At this point, I’ve watched around 200 anime, and for a long time my ratings were kind of a mess. For a long time, if I liked something, it was a 9. If I loved it, it was a 10. Looking back at my favorites list, I can see the pattern pretty clearly. A lot of emotional shows I watched during a rough period of my life, rom coms primarily (that were filling a gap), but there was some genuinely good stuff mixed in that probably deserved more thought than I gave it.
Towards the middle half of last year, I even changed to smiley faces as my rating system. Which muddied the water even more.
So, I’m starting fresh with a cleaner system.
The scale
I’m using 1-5 as it forces more honest placements. A 3 means it was solid and enjoyable, not that it was bad. Most things are probably a 3, and that’s fine.
If I drop something, it gets its own category outside the scale with a note on why. Dropped because it was bad is different from dropped because it wasn’t for me.

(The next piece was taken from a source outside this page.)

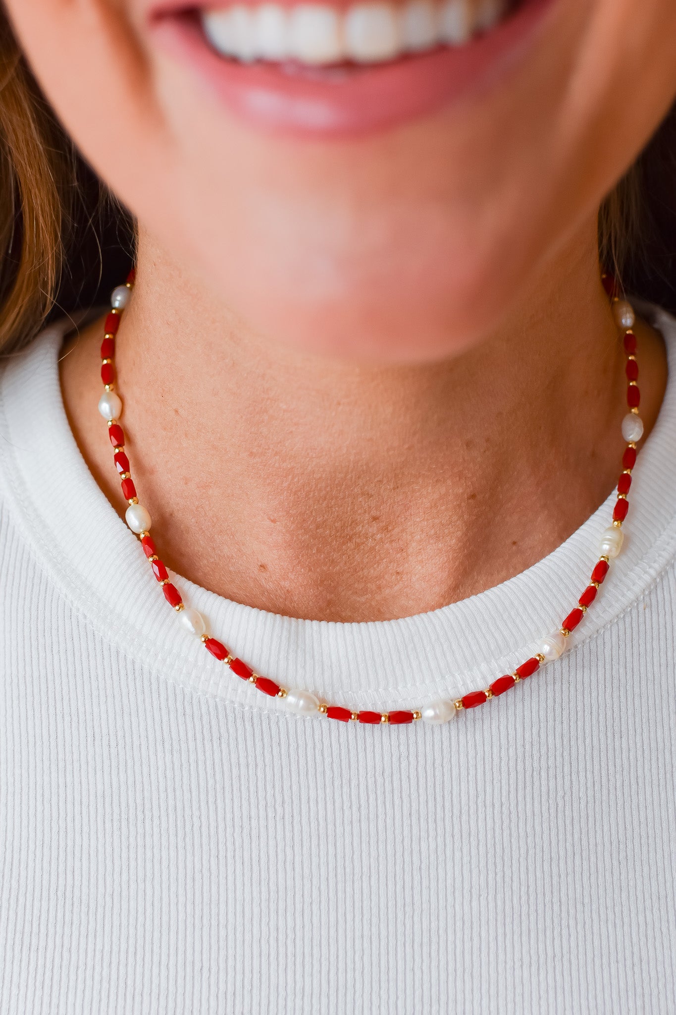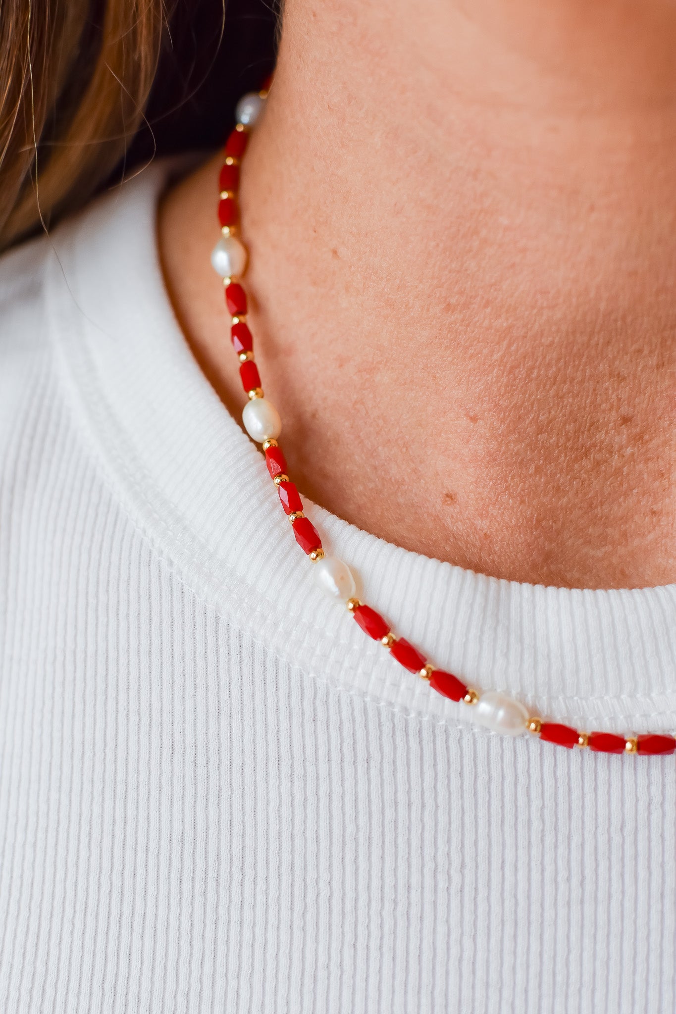 Make a bold statement with the Bead Chic Necklace in red. This playful mix of vibrant red beads and classic pearls adds a fun twist to any look, perfect for adding a pop of color and charm to your day.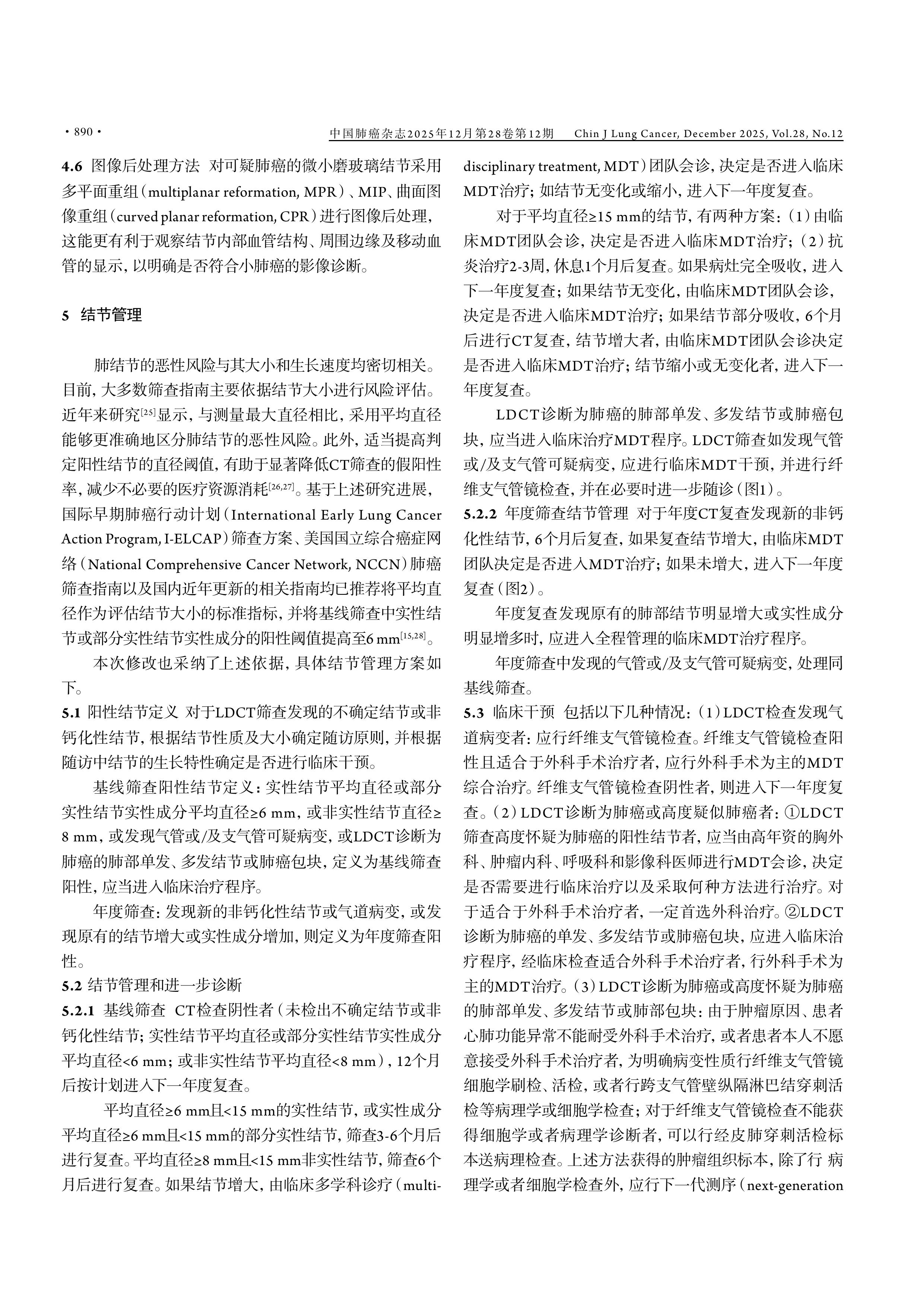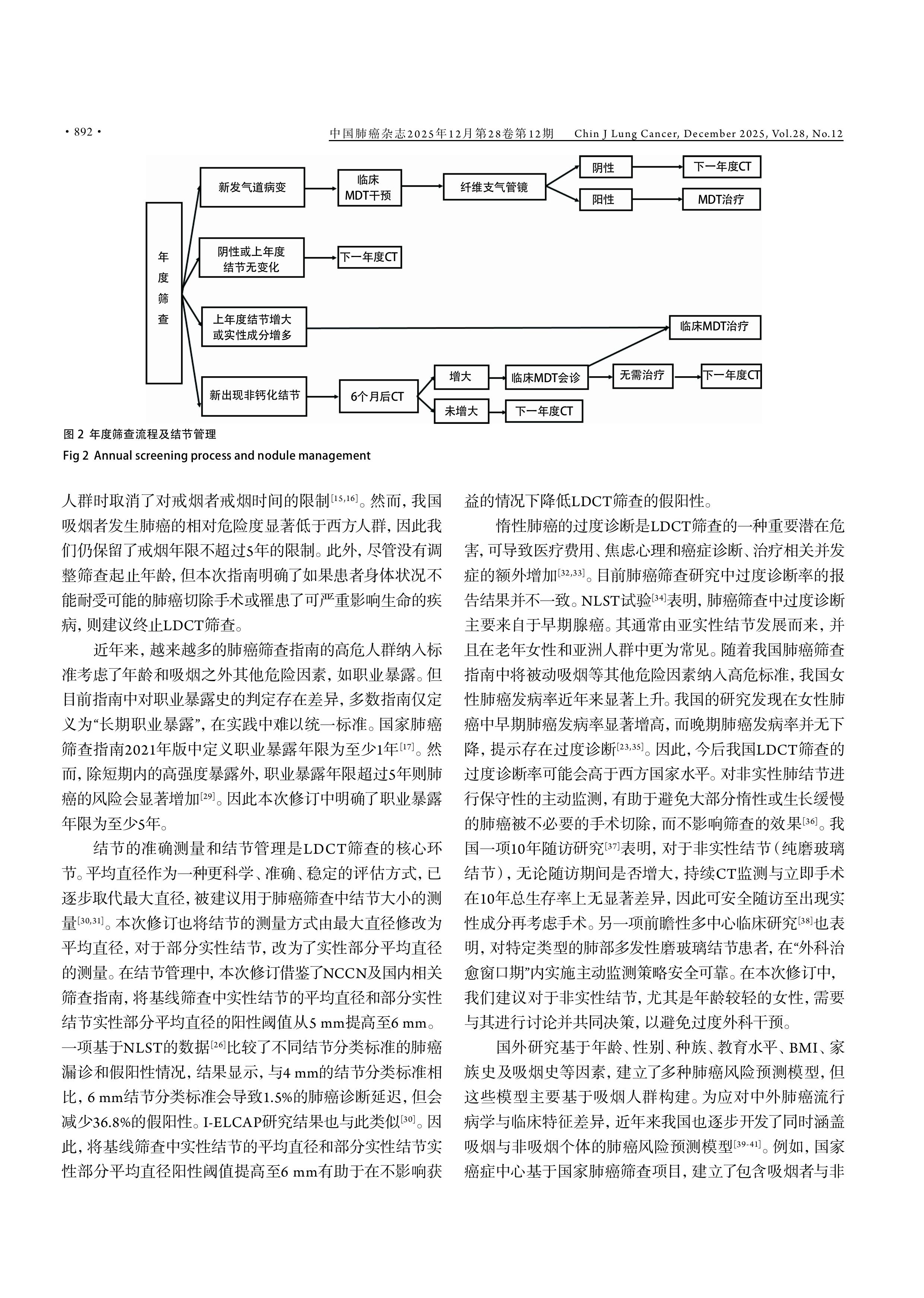 【摘要】肺癌是导致中国癌症死亡的首要原因。通过优化肺癌筛查策略,提高筛查效率,减少相关危害已成为当前肺癌筛查的研究热点和方向。本文的目的是对2023年中国肺癌低剂量计算机断层扫描(low-dose computed tomography, LDCT)筛查指南进行修订。由国家卫健委指定的中国肺癌早诊早治专家组专家及部分中国西部肺癌研究协作中心专家,共同参与了2025年版中国肺癌LDCT筛查指南的修订工作。专家组根据近年来国内外LDCT肺癌筛查进展,结合我国肺癌流行病学特征,共同修订了本肺癌筛查指南。本指南对以下内容进行了修订:(1)高危人群定义中明确了职业暴露年限,另外,如果在年度筛查中发现受检者身体状况无法耐受可能的肺癌切除手术,或罹患其他严重威胁生命的疾病,则建议停止LDCT筛查;(2)更新了结节大小的测量方法,将平均直径作为结节大小的衡量指标;(3)结节管理中,将基线筛查中实性结节或部分实性结节实性成分的平均直径阳性阈值提高至6 mm,并将实性结节或部分实性的阳性结节复查时间由6个月调整为3-6个月;(4)建议将知情同意和共同决策贯穿于高危人群选择、筛查间隔和结节管理环节。本次修订进一步明确和优化了高危人群选择及结节管理,并在对肺癌筛查获益和危害充分权衡基础上,强调了知情同意和共同决策的重要性。本次修订将使得LDCT筛查指南更适应我国国情,并提升了我国肺癌筛查的规范性与适用性。

What I’m looking at in anime
Five things, roughly in how much they tend to mattter to me:
- Characters: Are they likable, or at least believable and purposeful?
- Conflict: Does it feel earned, or is it manufactured drama to delay the plot?

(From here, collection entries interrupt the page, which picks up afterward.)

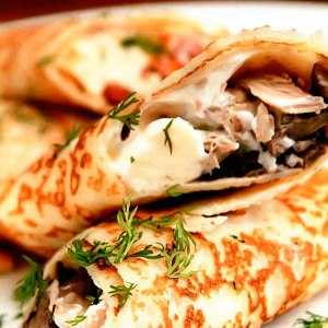 Главное в фаршированных блинах – это начинка, на которой концентрируется основное внимание, поэтому сам блин должен иметь нейтральный, чуть пресноватый вкус. Поэтому сами блины предпочтительнее жарить на молоке или воде.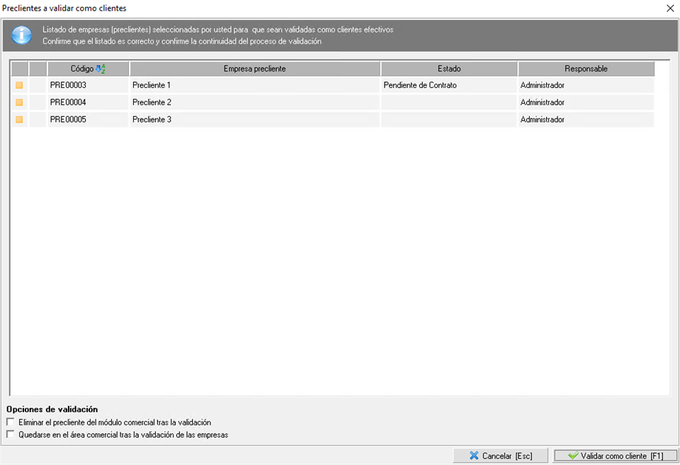 Esta opción, le llevará al asistente de validación donde aparecerán todas las empresas que va a validar como clientes. En la parte inferior se le muestran dos Opciones de validación adicionales "Eliminar el precliente del módulo comercial tras la validación" o "Quedarse en el área comercial tras la validación de las empresas".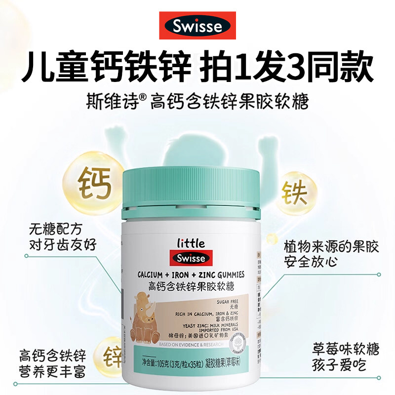 Swisse斯维诗钙铁锌儿童小孩青少年高钙成长营养钙片软糖官方正品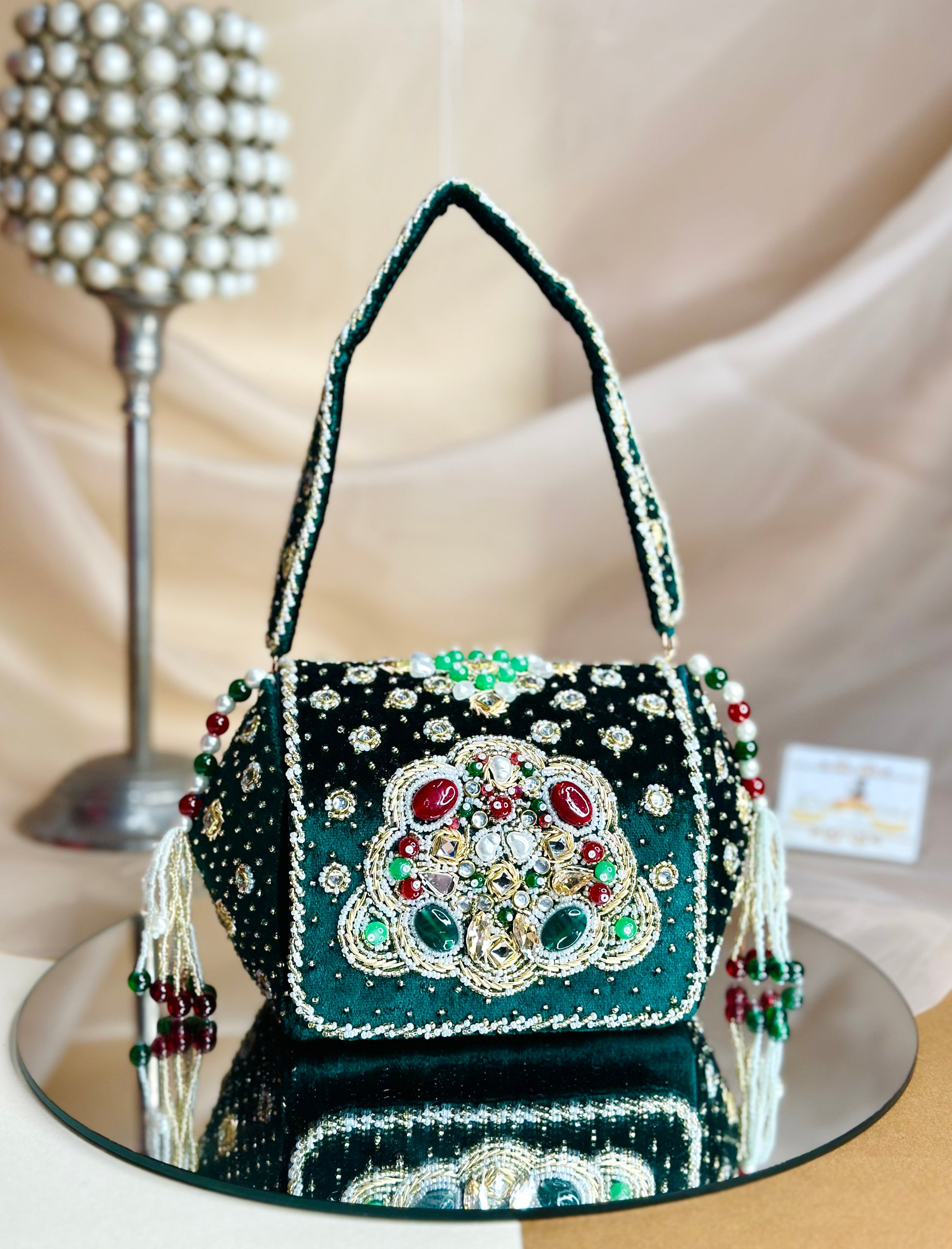 The Jashan Bag stands out with its distinctive shape and intricately crafted design, offering both aesthetic appeal and a statement of refined craftsmanship. Ideal for those who appreciate artistry in accessories, this bag enhances your ensemble with its unique contours and detailed patterns, merging functionality with elevated style.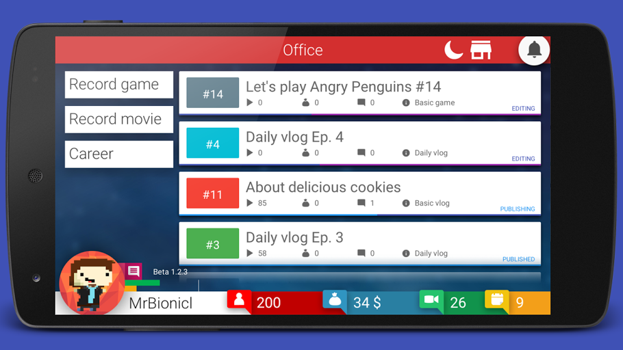 In this Android game you need to make your channel the most popular in the world. Choose one of many available themes that you can post on your channel. Film city reports, culinary shows, and other videos on a variety of topics. Get likes from grateful viewers and raise popularity of your channel. Make profitable advertisement contracts.

- Pacing: Was I engaged throughout?
- Payoff: Did the ending or emotional moments actually land?
- Memorability: What’s left after its done?
This isn’t necessarily a checklist, but more of a reflection on what I realized mattered to me when going through the list of anime I had previously considered my favorite at one point in the past.
One last thing
In the past, how I felt about some of what I’ve watched was skewed by the context of my life at the time. This I do genuinely believe is normal, but I wanted to make this rating system so I could actually stand behind my opinions on things, and have clear indicators on why a certain show or movie didn’t hit for me in the way others do.